A train moving with a constant velocity of 0.5m/s is about to pass in an intersection whose distance is 8.0m.?
At the same instant, a car with a speed of 1.5m/s & 10m away from the intersection (perpendicular to the railway), is in a hurry to beat the warning signal. If the car kept a constant acceleration of 0.25m/s^2, is it possible for the car to pass through the intersection without colliding w/ the train?..
2.) The motion of the truck is given by the equation: v=dt+ct^2, where d=50cm/s^2 & c= -5cm/s^3. Determine the..
(a) average acceleration from t=1.5s to t=5.0s
(b) instantaneous acceleration when t=3.0s
3.) the motion of a particle is described by the equation:
x=ct^2+b, where c=10cm/s^2, & b=5cm. Determine the instantaneous velocity when t=1.75s.
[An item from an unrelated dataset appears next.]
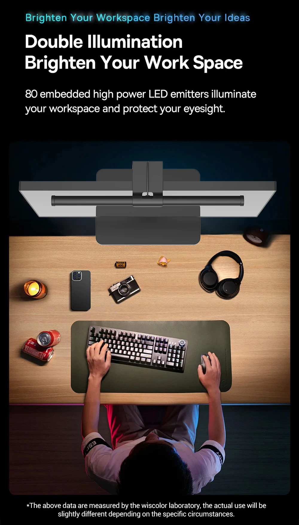 The innovative hanging design saves desk space while positioning lights perfectly above your screen. The sturdy clamp fits most monitors without causing shadow interference.

I really need your help guys..pls…
it’s very important and urgent..
lots of thanks in advance..(^_^)
m just asking for your help..i find it hard to answer..and the deadline of this is already tomorrow..need your help..even just 1 or 2 answers that you could give from these questions are highly appreciated..pls help me..thanks..
To determine if the car can make it, use the distance formula:
d = vt + 1/2at²
10m = 1.5m/s * t + 1/2 * .25 * t²
10m = 1.5t + .125t²
0 = -10 + 1.5t + .125t²
Use the quadratic equation:
t = (-b ± √(b² – 4ac)) / 2a
t = (-1.5 ± √(2.25 + 5)) / .25
t = (-1.5 ± 2.693) / .25
t = -6 ± 10.770
t = 4.77 sec (the other answer is negative).
thus, the car will reach the intersection well before the train. Note: even if the car does not accelerate, the car reaches before the train – without acceleration, the car reaches the intersection at 10 / 1.5 = 6.667 sec. (solution)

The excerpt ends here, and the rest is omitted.